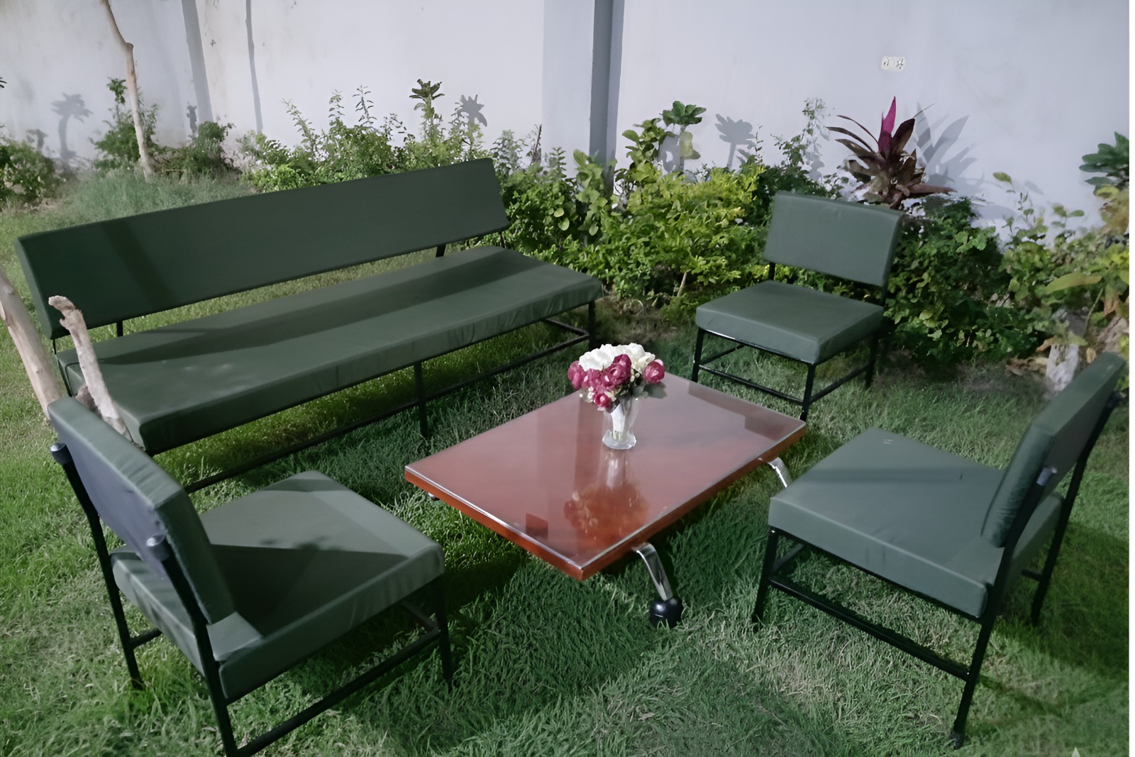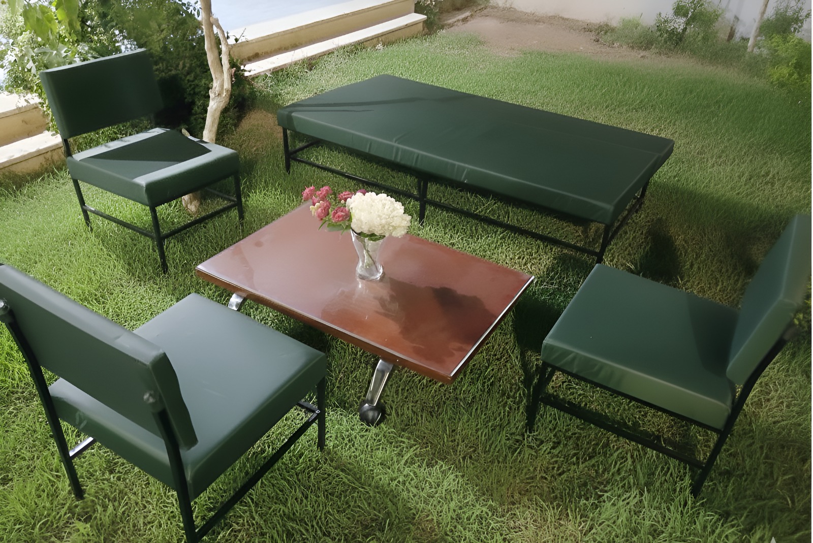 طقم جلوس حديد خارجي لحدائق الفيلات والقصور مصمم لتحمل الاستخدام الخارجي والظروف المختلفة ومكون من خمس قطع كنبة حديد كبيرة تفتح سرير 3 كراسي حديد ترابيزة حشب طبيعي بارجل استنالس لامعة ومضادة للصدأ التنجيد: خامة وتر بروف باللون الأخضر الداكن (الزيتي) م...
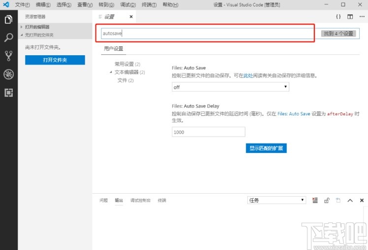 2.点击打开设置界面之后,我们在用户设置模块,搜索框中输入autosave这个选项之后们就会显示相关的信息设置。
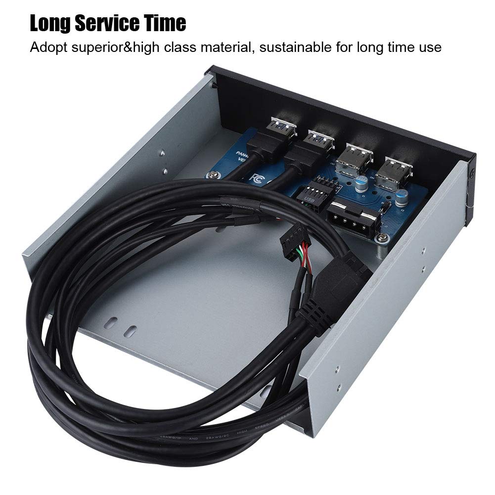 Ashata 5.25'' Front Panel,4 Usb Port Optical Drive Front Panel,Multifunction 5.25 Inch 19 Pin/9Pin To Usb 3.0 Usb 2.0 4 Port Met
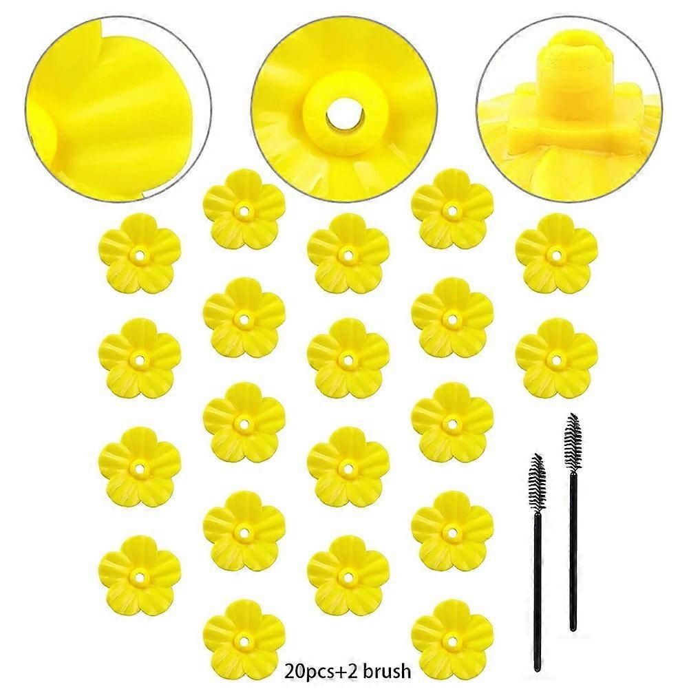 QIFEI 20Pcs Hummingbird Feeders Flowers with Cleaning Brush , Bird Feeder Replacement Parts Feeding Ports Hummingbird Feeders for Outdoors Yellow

--

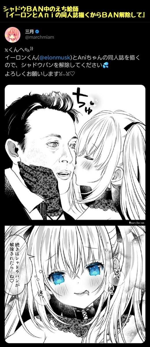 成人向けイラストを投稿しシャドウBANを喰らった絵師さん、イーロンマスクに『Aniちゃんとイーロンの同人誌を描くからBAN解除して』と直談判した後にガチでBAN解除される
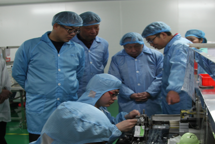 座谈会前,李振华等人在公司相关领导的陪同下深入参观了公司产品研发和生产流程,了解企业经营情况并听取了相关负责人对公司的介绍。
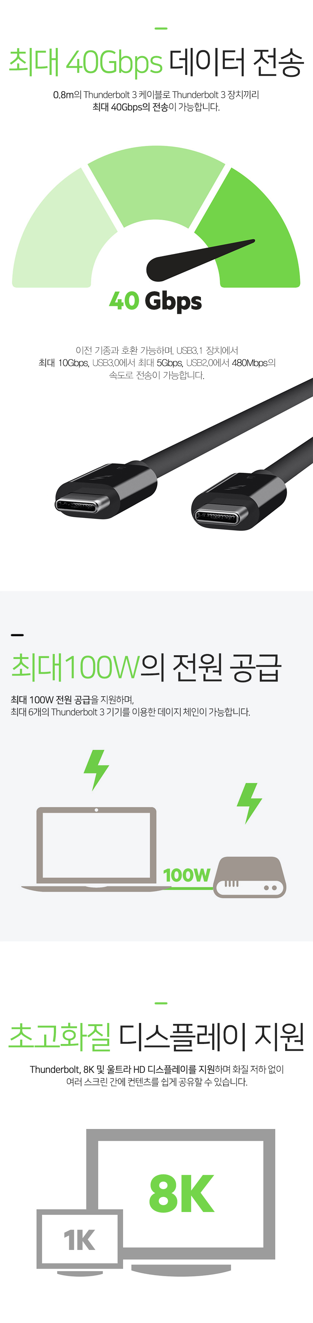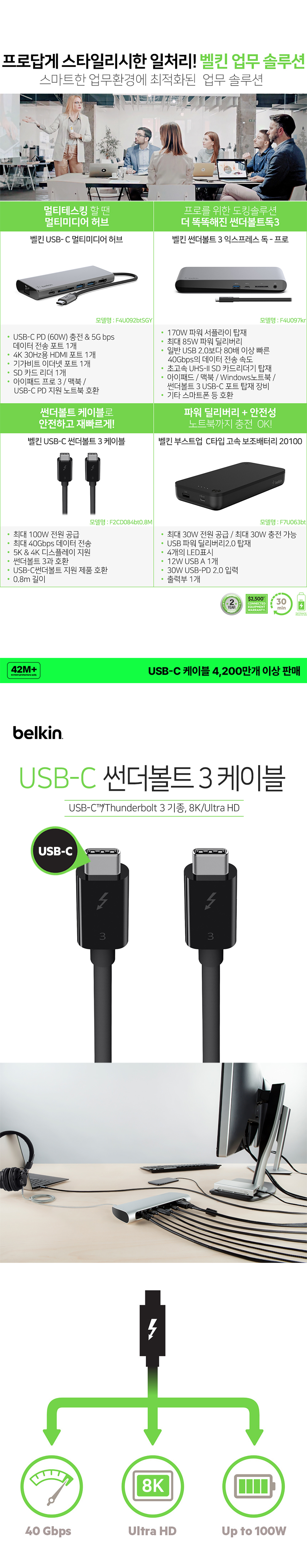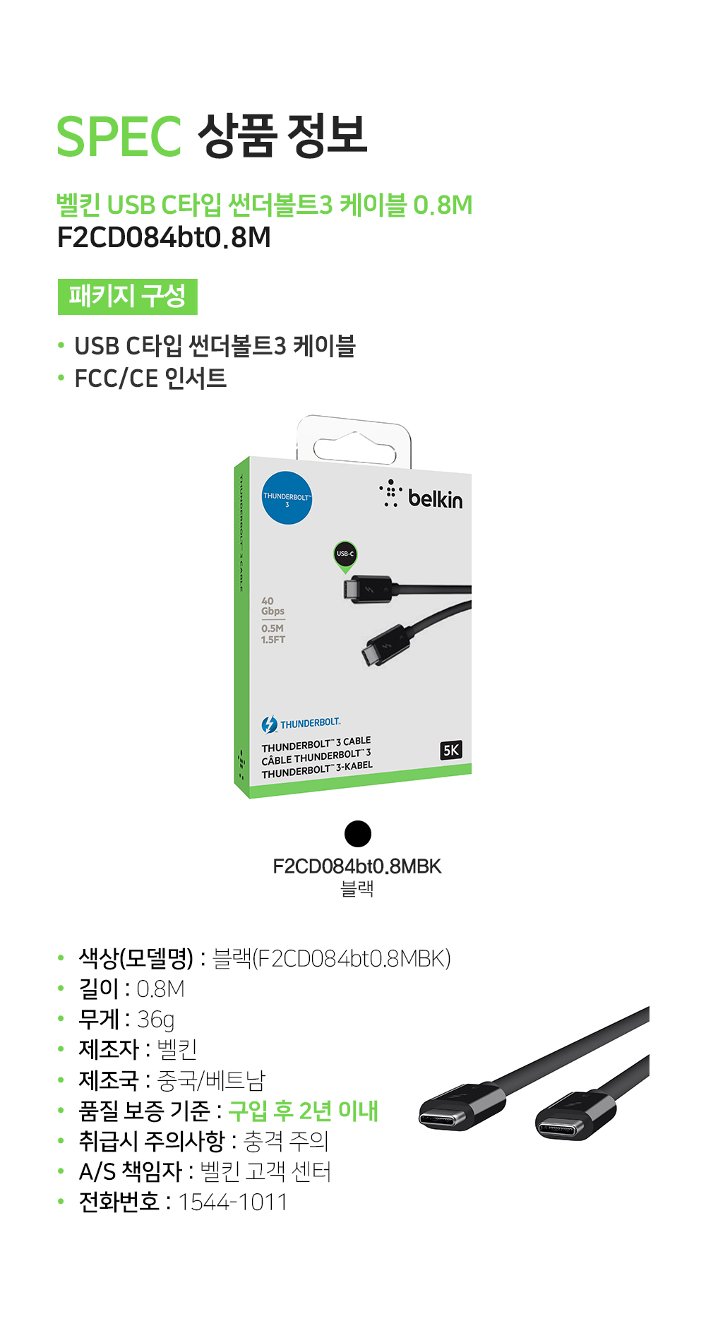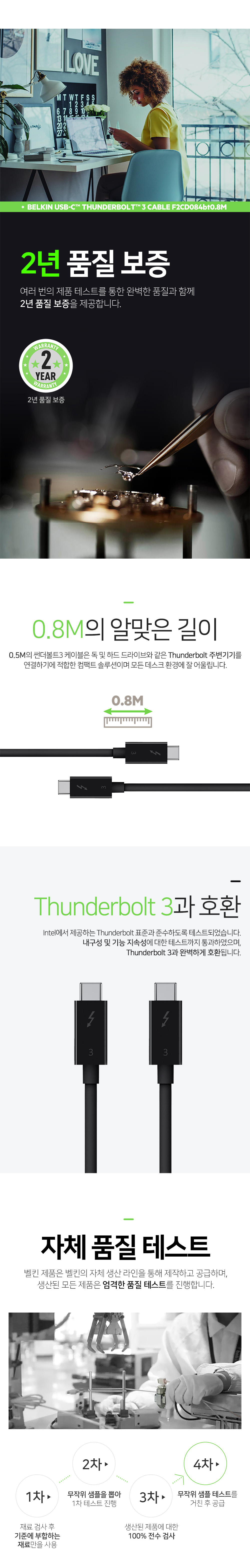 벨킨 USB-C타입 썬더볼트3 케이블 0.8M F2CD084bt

*TASK TO COMPLETE*
Word for word, repeat the lines above from the one with "طقم جلوس حديد" through the one with "QIFEI 20Pcs Hummingbird", and nothing beyond them. Omit the pictures.

*REPLY*
 طقم جلوس حديد خارجي لحدائق الفيلات والقصور مصمم لتحمل الاستخدام الخارجي والظروف المختلفة ومكون من خمس قطع كنبة حديد كبيرة تفتح سرير 3 كراسي حديد ترابيزة حشب طبيعي بارجل استنالس لامعة ومضادة للصدأ التنجيد: خامة وتر بروف باللون الأخضر الداكن (الزيتي) م...
 2.点击打开设置界面之后,我们在用户设置模块,搜索框中输入autosave这个选项之后们就会显示相关的信息设置。
 Ashata 5.25'' Front Panel,4 Usb Port Optical Drive Front Panel,Multifunction 5.25 Inch 19 Pin/9Pin To Usb 3.0 Usb 2.0 4 Port Met
 QIFEI 20Pcs Hummingbird Feeders Flowers with Cleaning Brush , Bird Feeder Replacement Parts Feeding Ports Hummingbird Feeders for Outdoors Yellow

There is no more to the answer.